- Dastardly: what is a dastard? Doesn't exist right? So how can someone or something be or do something in the manner of one, when it doesn't exist? I move that, rather than strike "dastardly" from our lexicon, we instead add "Dastard" to it immediately.
- "It is what it is": Of course it "is what it is," how could it ever be what it isn't? Well, I mean, unless its just a lying dastard.
- "Can I be completely honest with you?": why, are you generally not? Also, why would you feel like you had to ask me first, do you assume that I prefer being lied to?
- Misappropriation: sounds like a beauty pageant for accountants.
- "I Love Glee": Does not compute; how can you love something that is the opposite of entertaining?
- Disneyworld: ..."Hi Mr. Eisner? This is Astronomy.

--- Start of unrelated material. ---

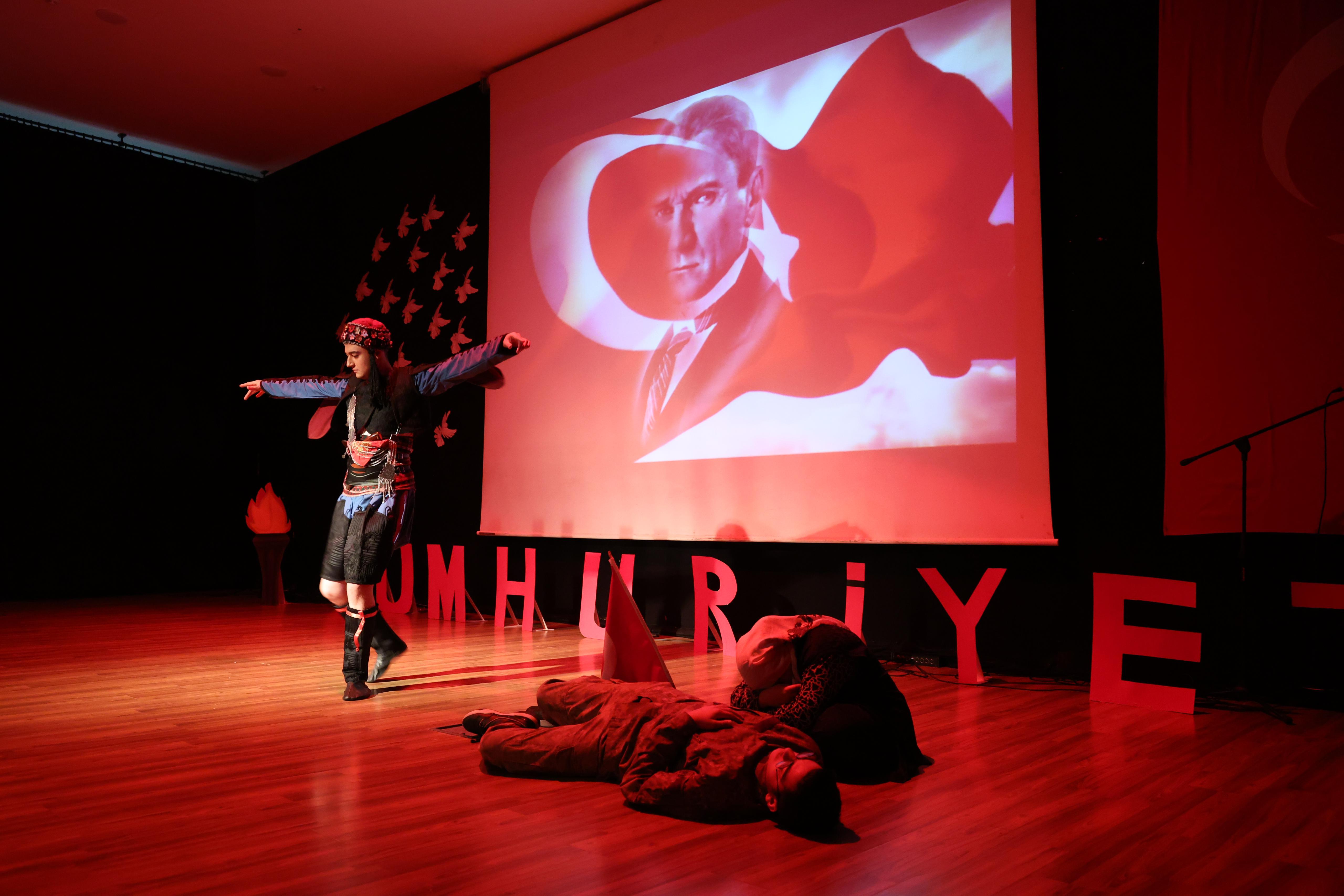 Hacılar ilçesinde Cumhuriyet’in 101. yılı dolayısıyla Tevfik İleri İmam Hatip Ortaokulu ve Lisesi öğrencilerinin düzenlediği kutlama programı, Şehit Polis Ahmet Cihan Kilci Kültür Merkezi'nde yoğun bir katılımla gerçekleşti.
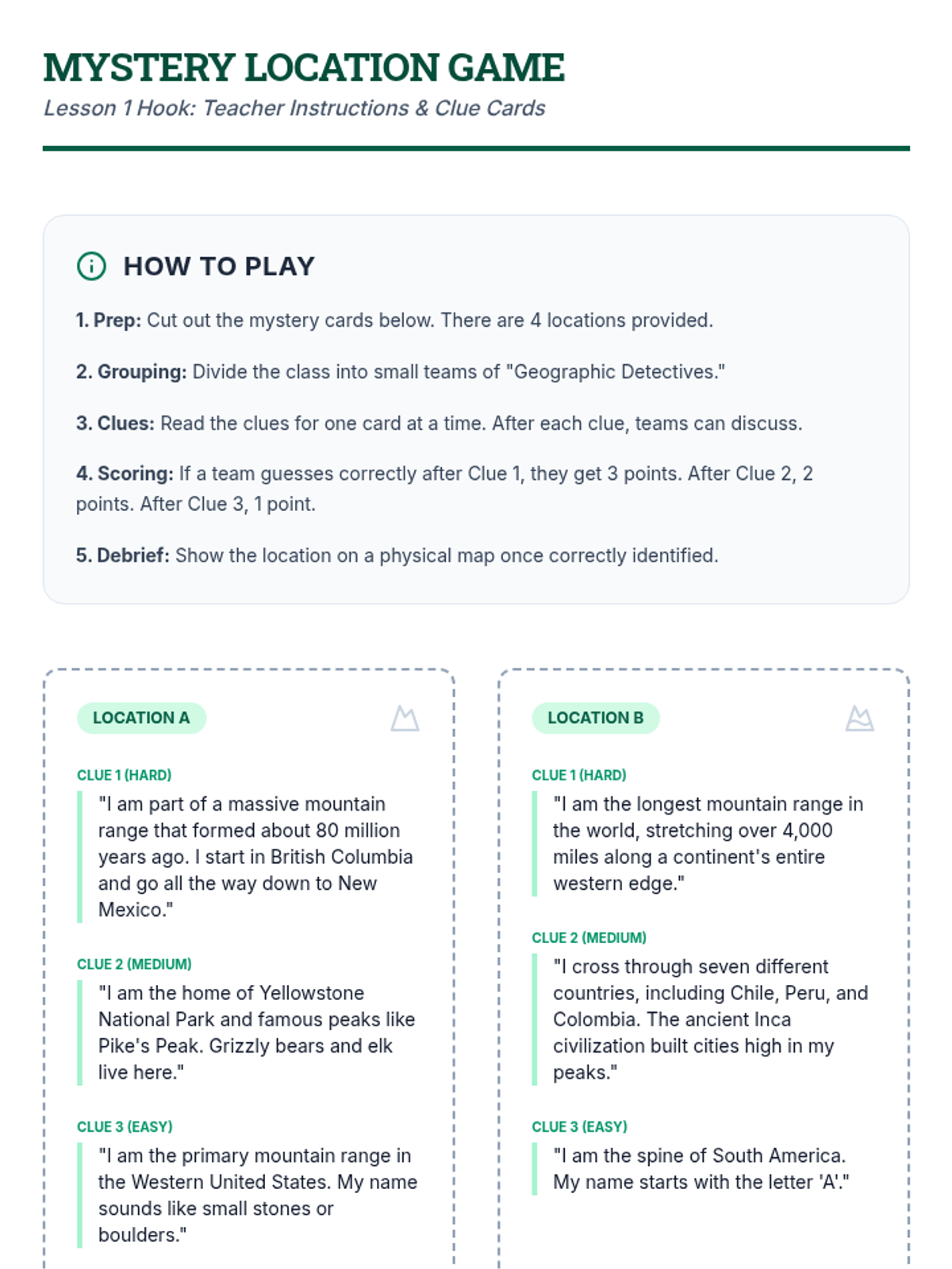 A multi-day project sequence where students design their own nation, exploring concepts of geography, governance, economics, and civil rights.

Turns out a 'world' is larger than a few square blocks in Orlando. By a lot, actually."
- "I love _____ to death": always seems to precede a reason why you hate said person/thing. Also...doesn't this phrase imply a disturbing correlation between loving something and wanting to kill it?
- "Like a Boss": based on my experience with bosses, if you use this phrase you are calling yourself a stupid, petty, arrogant bag of douche whose sole qualifications for the position seems to be that he/she has spent too much time here to be valuable anywhere else, and now he/she is stuck.
- "I don't mean to be rude": I do; I just want you to think that I don't.
- "It doesn't matter to me/Either one is fine", etc: this is a ticking time bomb. I have a strongly held preference but I expect you to know already which one it is and make the correct choice; and if you choose wrong, I get to hate you forever.
- The Real Canadian Superstore: (Seriously, this exists. Here, look.)
- "I had a friend once who...": I'm about to tell you a very embarrassing personal anecdote.
- "A funny thing happened to me...": I'm about to tell you a boring personal anecdote.
- "Let's just be friends": I have no interest in or attraction to you, but I want to keep the door open in case nothing better comes along in the next few weeks and I get lonely or bored.
- "I had a good time" (post-date): thanks for the free meal, suckah!
- Coldplay: U2 Jr.
- U2: Irish rock band that is about to break Aerosmith's record for longest, most successful career in which you couldn't compile a single, complete listenable album from their entire catalog.
- "I love the 80's": I was born in 1993 and have been told by MTV and Ryan Seacrest that the 80's were cool.
- People Person: describes someone that is desperate for everyone else's attention.
- Politician: a profession marked by a disturbing compulsion to interfere in other peoples' business and then lie about it.
- Motivational posters/speakers/phrases: they don't actually ever motivate me; they just make me sad for the people that find them motivating.
- Relationship: describes a process whereby you will spend a lot of money and enormous amounts of time on creating a new enemy.
- "I just bought a new hat": (if female) - I'm bad with money.
(Exceptions are granted for team sports caps. I never hate on someone supporting their team. Unless...)
- "I'm a Yankees/Lakers fan" (outside of NY or LA): I know nothing about sports.
- "Inception is the best movie I've ever seen": I've never seen the Godfather Part II.
- "Back in high school, I...": I'm about to tell you an outrageous lie.
- "_____________ is better/as good as Michael Jordan": I know nothing about basketball.
- "I don't like the Beatles": I hate awesome music.
- "I'm a cat person": I plan on spending the majority of my life alone.
- Cognitive thinking: ...thinking thinking? That seems redundant.
- Under/over-whelming: you can't over- or under- something that doesn't exist; except I guess in Europe.
- Understand: you can't over-stand something, can you? ...Can you possibly over-understand?
- Mis-estimate: describes the process of under/over estimating something. Why doesn't this word exist? It's a ton of fun to say; go on, try it!
- Star Wars: I don't care what the titles say, when I say the first Star Wars, it never refers to the Phantom Menace; and the same holds true for the sequels and their respective prequels. If you want to celebrate a fat old man's pathetic descent into mediocrity, go listen to a Bruce Springsteen album; leave me out of it.
- Memo: every single one should read, "Insert immediately into the trash can." ...Cause that's where they end up.
- Invoice: is your response an outvoice?
- Common Sense: in my experience, it seems to be more exclusive than the term would imply.
- Nonconformist: highly conformist to less-popular trends, and more judgmental about it.
- "I'm not religious, I'm spiritual": translation - I'm really high right now.
- Classic Nicknames (Robert/Bob, William/Bill, John/Jack, James/Jim, etc.): I'm no genius, but...aren't those just different names? Especially Jack. I don't know; if it was me, none of these would sound like nicknames, I would kind of feel like you just forgot my name.
- "___________ the crap out of ___________": I really hope that isn't literal.